[BioC] Cannot read in CEL files with XPS
cstrato
cstrato at aon.at
Sun Dec 7 20:53:29 CET 2008
Dear Chris,
Maybe the following information can help you solve your problems:
This is my setup:
A dual-boot MacBook Pro, 2GB RAM, running Windows XP SP2 where I have
installed the following binary versions:
- R-2.8.0-win32.exe
- root_v5.18.00.win32.vc80.msi
- xps_1.2.1.zip
Note that root_v5.18.00 is necessary since Bioconductor has compiled xps
with this version.
You can run xps either from RGui or from Rterm:
When using RGui you should set "verbose=FALSE" in all functions, since
you will not see any messages anyhow. I would recommend using Rterm with
"verbose=TRUE", at least initially to get a feeling what xps does, see
the examples below.
1. Import schemes:
Since xps uses the original Affymetrix CDF, PGF and annotation files,
you have to import these files first. Here is my Rterm session for doing
this for HG-U133_Plus_2:
> library(xps)
Welcome to xps version 1.2.1
an R wrapper for XPS - eXpression Profiling System
(c) Copyright 2001-2008 by Christian Stratowa
> libdir <- "C:/home/Affy/libraryfiles"
> anndir <- "C:/home/Affy/Annotation"
> scmdir <- "C:/home/Rabbitus/CRAN/Workspaces/Schemes"
> scheme.hgu133p2.na27 <-
import.expr.scheme("Scheme_HGU133p2_na27",filedir=scmdir,paste(libdir,"HG-U133_Plus_2.cdf",sep="/"),paste(libdir,"HG-U133-PLUS_probe.tab",sep="/"),paste(anndir,"Version08Nov/HG-U133_Plus_2.na27.annot.csv",sep="/"))
Creating new file
<C:/home/Rabbitus/CRAN/Workspaces/Schemes/Scheme_HGU133p2_na27.root>...

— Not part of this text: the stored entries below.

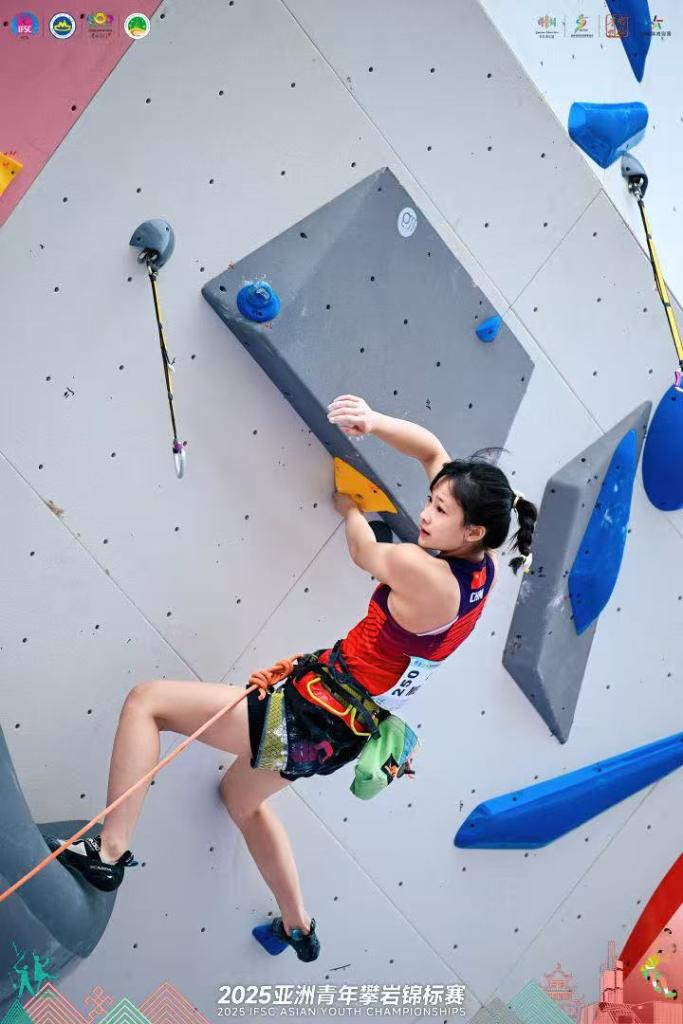 陳宣臻本屆比賽已收獲了U19組女子攀石銀牌。當(dāng)天的難度決賽中她倒數(shù)第二個出場,最終爬出了32+的成績,僅領(lǐng)先日本選手山真奈實一個出手奪冠。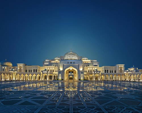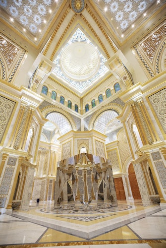 The magnificent facade of Qasr Al Watan lacks the charm of old buildings, but that in no way diminishes the splendor of this palace, which was completed in 2017.
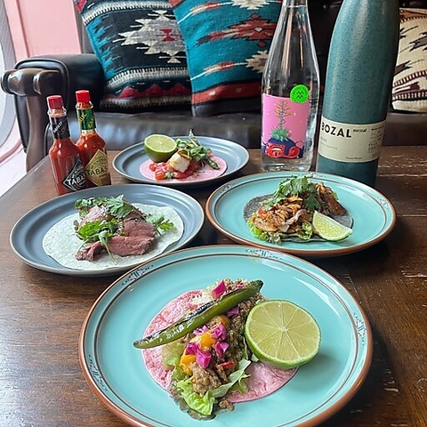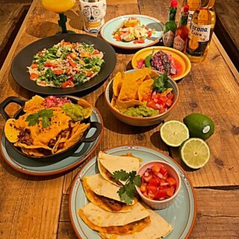 tijuana【ティファナコース】コース、前菜3種類とタコスが3種類のメニューです♪コースは、ワカモレと自家製トルティーヤチップス サルサとコリアンダー添え、メキシカンポテトサラダ、pile特製メキシカンコブサラダ とろり温玉のせ、本日のタコス3種にビール有りの飲み放題が付いており、ボリュームも満点です。

Importing <C:/home/Affy/libraryfiles/HG-U133_Plus_2.cdf> as
<HG-U133_Plus_2.scm>...
<1354896> records imported...Finished
PM/MM statistics:
5 cells with minimum number of PM/MM pairs: 8
1 cells with maximum number of PM/MM pairs: 69
New dataset <HG-U133_Plus_2> is added to Content...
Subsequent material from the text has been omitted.